◆ **What to produce**
Would you restate all of the entries verbatim, minus any images?

(Working data)

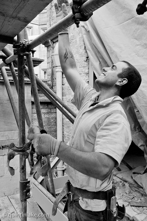 Scaffolder at Pembroke College. (photo © Quintin Lake)
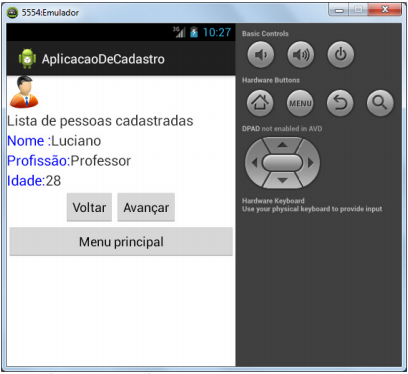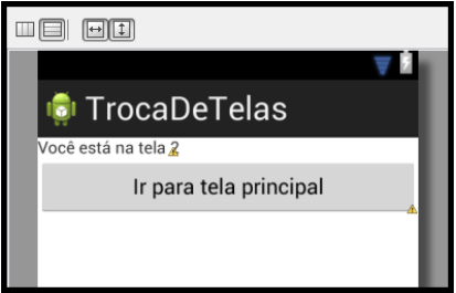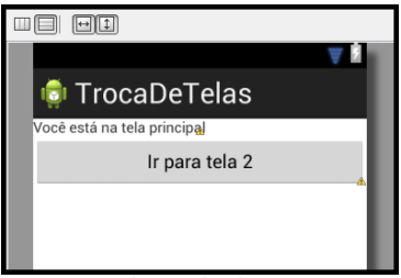 Observe que nesta classe criamos dois métodos:CarregaTelaPrincipal e CarregaTela2. Para toda aplicação que utilize mais de um layout (tela), o carregamento dos layouts e de seus respectivos widgets devem estar separados em funções desenvolvidas para esse propósito. Logo, o método CarregaTelaPrincipal carrega o layout principal e seus respectivos componentes, o mesmo válido para o método CarregaTela2, que carrega o layout da tela 2 e seus respectivos componentes. Feito isso, execute a aplicação. Veja o resultado abaixo:
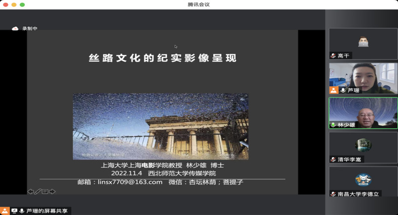 2022年11月4日上午,复旦大学文学博士、上海大学电影学院博士生导师林少雄教授应邀为乐天使官网师生开展题为《丝路文化的纪实影像呈现》的学术讲座,FUN乐天使官方网站副教授芦珊主持讲座,FUN乐天使官方网站百余名师生在线聆听了林少雄老师的学术分享并互动交流。
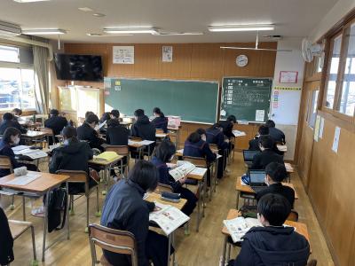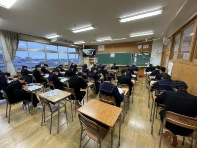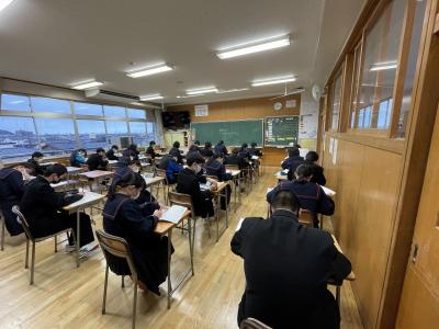 私立入試を翌日に控え、3年生は1/31(火)4限目に学年集会を行いました。校長や進路担当からの話の後、3年生は早めに給食を済ませ、明日に控えて下校しました。
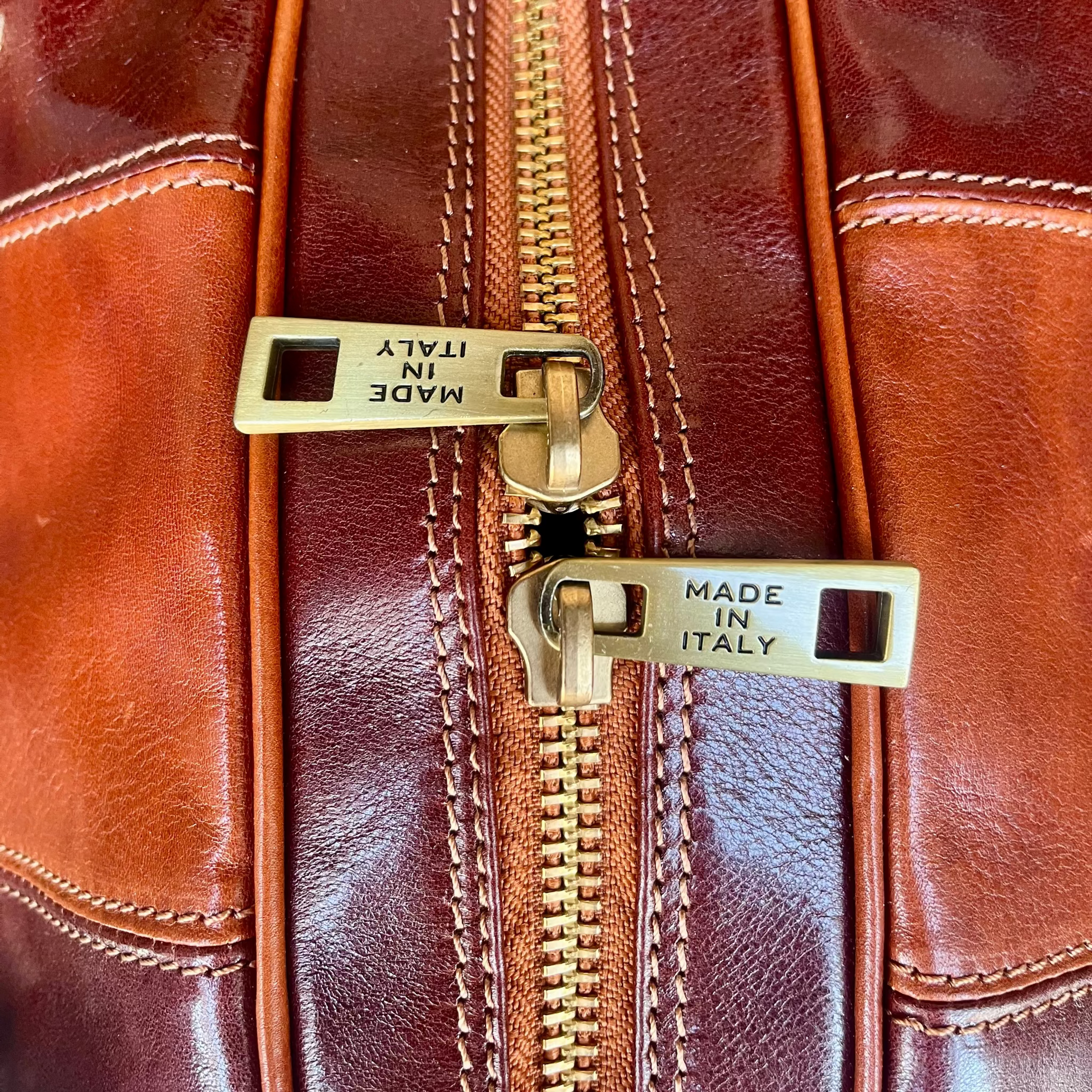 Borsone in pelle bicolore in tinta marrone e cuoio naturale – Cuoieria Italiana

(End Working data)

◆ **Answer box**
 Scaffolder at Pembroke College. (photo © Quintin Lake)
 Observe que nesta classe criamos dois métodos:CarregaTelaPrincipal e CarregaTela2. Para toda aplicação que utilize mais de um layout (tela), o carregamento dos layouts e de seus respectivos widgets devem estar separados em funções desenvolvidas para esse propósito. Logo, o método CarregaTelaPrincipal carrega o layout principal e seus respectivos componentes, o mesmo válido para o método CarregaTela2, que carrega o layout da tela 2 e seus respectivos componentes. Feito isso, execute a aplicação. Veja o resultado abaixo:
 2022年11月4日上午,复旦大学文学博士、上海大学电影学院博士生导师林少雄教授应邀为乐天使官网师生开展题为《丝路文化的纪实影像呈现》的学术讲座,FUN乐天使官方网站副教授芦珊主持讲座,FUN乐天使官方网站百余名师生在线聆听了林少雄老师的学术分享并互动交流。
 私立入試を翌日に控え、3年生は1/31(火)4限目に学年集会を行いました。校長や進路担当からの話の後、3年生は早めに給食を済ませ、明日に控えて下校しました。
 Borsone in pelle bicolore in tinta marrone e cuoio naturale – Cuoieria Italiana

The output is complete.